> [DATA SECTION]:

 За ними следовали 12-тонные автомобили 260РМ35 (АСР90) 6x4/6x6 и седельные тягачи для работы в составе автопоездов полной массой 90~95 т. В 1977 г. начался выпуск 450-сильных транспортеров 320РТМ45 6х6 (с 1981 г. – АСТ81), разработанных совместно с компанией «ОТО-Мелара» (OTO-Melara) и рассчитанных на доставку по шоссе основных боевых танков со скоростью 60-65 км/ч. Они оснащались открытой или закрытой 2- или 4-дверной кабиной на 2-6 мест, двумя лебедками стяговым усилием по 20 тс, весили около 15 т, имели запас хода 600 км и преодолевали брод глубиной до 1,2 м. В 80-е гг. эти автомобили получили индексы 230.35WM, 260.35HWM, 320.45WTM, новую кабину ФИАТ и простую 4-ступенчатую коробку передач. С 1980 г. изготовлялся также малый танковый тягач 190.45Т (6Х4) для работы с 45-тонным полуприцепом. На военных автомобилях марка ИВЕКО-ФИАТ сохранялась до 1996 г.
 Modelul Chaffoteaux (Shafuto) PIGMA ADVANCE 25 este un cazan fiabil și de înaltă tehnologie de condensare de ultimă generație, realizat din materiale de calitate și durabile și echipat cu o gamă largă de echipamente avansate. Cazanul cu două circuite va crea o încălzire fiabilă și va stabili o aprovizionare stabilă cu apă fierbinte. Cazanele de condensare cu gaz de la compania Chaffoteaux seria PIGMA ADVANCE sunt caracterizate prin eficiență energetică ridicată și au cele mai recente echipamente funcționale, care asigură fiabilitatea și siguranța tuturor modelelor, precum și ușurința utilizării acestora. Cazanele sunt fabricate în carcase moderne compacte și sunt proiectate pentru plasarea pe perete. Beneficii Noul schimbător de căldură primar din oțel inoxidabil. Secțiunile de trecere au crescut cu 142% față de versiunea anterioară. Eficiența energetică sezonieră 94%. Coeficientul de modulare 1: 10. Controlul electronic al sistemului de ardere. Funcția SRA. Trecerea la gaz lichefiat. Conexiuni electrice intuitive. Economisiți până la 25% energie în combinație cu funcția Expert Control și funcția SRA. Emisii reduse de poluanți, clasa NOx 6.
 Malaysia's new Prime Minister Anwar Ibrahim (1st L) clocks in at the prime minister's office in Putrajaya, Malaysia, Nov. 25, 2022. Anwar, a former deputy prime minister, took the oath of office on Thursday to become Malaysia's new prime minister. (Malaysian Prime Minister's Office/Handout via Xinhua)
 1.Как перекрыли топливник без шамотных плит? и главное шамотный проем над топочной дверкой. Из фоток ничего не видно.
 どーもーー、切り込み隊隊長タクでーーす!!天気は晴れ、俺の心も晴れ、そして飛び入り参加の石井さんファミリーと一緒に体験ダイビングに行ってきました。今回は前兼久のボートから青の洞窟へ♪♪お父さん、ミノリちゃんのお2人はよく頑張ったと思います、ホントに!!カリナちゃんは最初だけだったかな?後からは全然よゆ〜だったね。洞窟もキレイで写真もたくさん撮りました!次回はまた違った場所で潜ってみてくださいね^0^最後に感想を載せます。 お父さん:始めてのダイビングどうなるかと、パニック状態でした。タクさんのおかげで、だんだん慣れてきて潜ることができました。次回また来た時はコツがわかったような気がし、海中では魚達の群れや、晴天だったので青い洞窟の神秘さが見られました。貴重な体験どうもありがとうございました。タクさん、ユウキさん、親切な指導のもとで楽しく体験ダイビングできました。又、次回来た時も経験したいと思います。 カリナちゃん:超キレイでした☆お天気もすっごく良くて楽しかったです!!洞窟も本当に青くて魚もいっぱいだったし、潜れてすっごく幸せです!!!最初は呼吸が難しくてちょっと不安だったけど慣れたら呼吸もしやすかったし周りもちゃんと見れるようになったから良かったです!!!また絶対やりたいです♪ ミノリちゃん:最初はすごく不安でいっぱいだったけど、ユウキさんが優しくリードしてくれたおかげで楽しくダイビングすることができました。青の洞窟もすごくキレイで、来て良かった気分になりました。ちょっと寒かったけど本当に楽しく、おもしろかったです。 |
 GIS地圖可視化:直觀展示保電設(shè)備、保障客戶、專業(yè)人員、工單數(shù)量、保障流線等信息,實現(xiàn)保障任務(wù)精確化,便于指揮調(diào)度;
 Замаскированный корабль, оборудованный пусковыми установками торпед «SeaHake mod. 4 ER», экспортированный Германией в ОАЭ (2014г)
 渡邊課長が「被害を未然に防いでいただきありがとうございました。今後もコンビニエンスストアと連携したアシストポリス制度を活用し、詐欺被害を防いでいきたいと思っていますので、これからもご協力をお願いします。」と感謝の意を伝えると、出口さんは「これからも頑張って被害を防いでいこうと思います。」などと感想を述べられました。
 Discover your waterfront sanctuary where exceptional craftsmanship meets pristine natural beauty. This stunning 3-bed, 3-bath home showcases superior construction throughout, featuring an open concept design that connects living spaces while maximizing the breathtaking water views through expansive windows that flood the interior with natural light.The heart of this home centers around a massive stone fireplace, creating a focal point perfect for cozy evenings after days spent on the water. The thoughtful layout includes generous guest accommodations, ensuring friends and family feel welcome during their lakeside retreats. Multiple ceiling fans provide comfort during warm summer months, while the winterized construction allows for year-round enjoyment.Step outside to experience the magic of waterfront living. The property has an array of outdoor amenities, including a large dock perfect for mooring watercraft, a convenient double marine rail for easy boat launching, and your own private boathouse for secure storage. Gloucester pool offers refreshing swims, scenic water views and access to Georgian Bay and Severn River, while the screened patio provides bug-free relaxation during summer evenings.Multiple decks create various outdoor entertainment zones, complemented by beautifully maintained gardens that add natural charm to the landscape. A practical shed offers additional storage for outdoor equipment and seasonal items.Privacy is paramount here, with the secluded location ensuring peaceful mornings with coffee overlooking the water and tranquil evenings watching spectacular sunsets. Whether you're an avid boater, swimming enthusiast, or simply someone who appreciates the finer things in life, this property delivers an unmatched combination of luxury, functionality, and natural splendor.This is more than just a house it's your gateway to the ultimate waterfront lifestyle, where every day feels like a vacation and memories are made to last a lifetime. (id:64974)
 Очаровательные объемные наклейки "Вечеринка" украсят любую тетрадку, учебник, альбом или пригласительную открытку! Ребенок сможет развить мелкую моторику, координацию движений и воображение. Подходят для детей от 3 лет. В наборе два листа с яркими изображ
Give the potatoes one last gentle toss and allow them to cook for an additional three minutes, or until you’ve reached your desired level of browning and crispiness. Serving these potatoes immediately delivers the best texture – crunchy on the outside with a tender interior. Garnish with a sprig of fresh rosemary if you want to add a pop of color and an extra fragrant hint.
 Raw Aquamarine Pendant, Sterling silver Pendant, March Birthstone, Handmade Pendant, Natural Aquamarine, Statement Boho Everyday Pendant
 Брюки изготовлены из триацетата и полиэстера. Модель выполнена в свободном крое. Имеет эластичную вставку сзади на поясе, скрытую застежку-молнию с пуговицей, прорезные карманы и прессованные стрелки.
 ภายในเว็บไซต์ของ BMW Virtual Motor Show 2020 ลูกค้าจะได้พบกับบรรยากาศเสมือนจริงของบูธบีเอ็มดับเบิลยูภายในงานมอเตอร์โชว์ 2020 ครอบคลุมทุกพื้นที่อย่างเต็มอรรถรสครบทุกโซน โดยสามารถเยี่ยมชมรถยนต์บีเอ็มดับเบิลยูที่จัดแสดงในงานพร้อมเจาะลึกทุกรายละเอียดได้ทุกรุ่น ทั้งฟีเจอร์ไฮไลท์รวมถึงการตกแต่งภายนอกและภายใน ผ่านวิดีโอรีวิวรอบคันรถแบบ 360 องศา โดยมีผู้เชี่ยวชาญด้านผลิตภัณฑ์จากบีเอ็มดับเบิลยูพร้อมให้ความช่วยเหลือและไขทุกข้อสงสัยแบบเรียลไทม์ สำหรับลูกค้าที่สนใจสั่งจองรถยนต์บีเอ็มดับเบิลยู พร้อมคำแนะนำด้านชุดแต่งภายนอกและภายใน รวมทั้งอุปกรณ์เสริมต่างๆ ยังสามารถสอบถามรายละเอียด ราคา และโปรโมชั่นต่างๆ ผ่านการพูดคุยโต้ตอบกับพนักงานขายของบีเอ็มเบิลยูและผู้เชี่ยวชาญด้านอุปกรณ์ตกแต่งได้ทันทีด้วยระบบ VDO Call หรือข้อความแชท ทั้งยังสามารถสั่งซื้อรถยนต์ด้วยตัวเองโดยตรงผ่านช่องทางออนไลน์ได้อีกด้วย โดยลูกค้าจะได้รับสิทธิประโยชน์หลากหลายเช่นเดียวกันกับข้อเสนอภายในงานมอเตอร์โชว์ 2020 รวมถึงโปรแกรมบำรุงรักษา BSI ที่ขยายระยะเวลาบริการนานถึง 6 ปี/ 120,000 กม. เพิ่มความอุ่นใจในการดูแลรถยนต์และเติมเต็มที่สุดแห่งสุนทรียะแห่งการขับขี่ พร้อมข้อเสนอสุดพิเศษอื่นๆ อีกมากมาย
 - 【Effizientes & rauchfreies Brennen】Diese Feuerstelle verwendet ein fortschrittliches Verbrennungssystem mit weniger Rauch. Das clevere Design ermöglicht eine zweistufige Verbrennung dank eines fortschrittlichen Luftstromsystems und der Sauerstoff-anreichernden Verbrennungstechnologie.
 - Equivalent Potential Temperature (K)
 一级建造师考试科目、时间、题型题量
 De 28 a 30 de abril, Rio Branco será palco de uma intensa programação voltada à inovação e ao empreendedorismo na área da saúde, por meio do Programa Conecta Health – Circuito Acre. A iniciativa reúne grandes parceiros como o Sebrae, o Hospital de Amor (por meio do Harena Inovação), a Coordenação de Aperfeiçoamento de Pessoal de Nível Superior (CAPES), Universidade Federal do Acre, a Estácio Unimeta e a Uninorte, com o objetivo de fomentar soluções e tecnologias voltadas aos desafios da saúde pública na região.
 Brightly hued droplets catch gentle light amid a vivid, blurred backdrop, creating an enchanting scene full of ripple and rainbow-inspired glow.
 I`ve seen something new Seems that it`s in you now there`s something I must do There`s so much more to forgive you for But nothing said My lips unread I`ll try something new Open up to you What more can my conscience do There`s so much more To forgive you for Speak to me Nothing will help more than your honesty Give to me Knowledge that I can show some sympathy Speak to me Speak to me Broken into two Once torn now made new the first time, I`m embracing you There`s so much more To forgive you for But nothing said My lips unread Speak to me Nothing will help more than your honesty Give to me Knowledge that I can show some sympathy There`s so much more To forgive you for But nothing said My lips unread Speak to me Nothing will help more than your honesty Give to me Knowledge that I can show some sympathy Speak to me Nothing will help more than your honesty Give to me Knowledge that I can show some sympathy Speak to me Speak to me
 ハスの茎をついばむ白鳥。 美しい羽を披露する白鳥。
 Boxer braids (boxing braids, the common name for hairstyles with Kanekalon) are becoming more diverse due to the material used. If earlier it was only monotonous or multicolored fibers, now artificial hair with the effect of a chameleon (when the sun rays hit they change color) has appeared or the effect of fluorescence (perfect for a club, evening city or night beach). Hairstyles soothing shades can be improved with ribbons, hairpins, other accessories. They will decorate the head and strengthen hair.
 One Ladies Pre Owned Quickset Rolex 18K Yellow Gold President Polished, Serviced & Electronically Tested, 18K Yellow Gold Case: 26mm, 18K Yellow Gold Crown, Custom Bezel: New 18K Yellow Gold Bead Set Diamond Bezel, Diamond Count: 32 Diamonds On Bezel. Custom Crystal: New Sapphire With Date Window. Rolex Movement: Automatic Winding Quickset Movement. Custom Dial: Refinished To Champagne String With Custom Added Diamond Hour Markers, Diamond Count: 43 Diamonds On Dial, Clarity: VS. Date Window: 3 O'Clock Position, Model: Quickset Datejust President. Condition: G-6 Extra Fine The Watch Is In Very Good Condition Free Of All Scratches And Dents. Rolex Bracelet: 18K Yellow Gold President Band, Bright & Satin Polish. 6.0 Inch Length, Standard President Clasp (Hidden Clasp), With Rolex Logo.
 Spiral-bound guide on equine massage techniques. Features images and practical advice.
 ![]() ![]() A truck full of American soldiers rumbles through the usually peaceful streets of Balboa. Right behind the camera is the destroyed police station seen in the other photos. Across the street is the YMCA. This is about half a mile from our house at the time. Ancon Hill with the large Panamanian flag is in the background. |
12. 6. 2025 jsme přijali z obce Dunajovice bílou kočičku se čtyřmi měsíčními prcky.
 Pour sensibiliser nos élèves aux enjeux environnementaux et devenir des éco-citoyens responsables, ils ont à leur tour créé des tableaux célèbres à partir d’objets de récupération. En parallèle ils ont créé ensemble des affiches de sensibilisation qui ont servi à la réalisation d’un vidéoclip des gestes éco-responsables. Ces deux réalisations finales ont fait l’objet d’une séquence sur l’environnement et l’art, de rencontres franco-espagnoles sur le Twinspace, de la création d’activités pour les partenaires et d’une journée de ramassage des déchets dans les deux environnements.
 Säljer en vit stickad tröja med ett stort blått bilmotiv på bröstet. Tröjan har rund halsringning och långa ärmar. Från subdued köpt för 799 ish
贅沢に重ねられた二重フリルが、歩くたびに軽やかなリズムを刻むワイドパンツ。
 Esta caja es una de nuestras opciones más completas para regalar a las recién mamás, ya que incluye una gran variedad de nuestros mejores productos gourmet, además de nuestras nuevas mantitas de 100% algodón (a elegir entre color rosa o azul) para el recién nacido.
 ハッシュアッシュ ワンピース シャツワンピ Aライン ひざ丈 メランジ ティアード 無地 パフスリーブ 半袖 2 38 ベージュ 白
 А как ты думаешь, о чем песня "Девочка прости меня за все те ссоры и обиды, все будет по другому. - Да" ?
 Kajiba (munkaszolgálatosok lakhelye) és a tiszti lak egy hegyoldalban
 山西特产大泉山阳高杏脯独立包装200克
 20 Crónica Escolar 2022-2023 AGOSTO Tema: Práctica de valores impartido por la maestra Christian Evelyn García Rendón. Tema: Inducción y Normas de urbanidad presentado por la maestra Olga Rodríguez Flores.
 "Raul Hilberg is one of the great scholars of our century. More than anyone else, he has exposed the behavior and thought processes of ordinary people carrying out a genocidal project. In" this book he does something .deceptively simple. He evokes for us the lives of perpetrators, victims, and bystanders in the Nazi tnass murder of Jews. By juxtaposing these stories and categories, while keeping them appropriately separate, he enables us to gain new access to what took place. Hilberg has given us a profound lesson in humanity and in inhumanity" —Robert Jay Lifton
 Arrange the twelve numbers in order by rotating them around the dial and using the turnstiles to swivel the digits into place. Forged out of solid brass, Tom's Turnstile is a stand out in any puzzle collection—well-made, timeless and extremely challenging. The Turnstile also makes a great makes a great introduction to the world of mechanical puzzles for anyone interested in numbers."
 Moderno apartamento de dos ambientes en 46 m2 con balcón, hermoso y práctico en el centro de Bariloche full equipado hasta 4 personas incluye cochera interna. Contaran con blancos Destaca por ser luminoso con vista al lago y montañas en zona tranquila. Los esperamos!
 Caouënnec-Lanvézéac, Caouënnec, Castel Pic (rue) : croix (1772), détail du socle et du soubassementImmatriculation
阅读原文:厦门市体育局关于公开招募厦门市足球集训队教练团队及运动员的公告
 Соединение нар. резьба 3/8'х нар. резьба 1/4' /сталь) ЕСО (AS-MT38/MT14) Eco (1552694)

> [YOUR GOAL]: Check each line above for "gentle" and return the ones that have it.

> [COMPLETED EXERCISE]:
Give the potatoes one last gentle toss and allow them to cook for an additional three minutes, or until you’ve reached your desired level of browning and crispiness. Serving these potatoes immediately delivers the best texture – crunchy on the outside with a tender interior. Garnish with a sprig of fresh rosemary if you want to add a pop of color and an extra fragrant hint.
 Brightly hued droplets catch gentle light amid a vivid, blurred backdrop, creating an enchanting scene full of ripple and rainbow-inspired glow.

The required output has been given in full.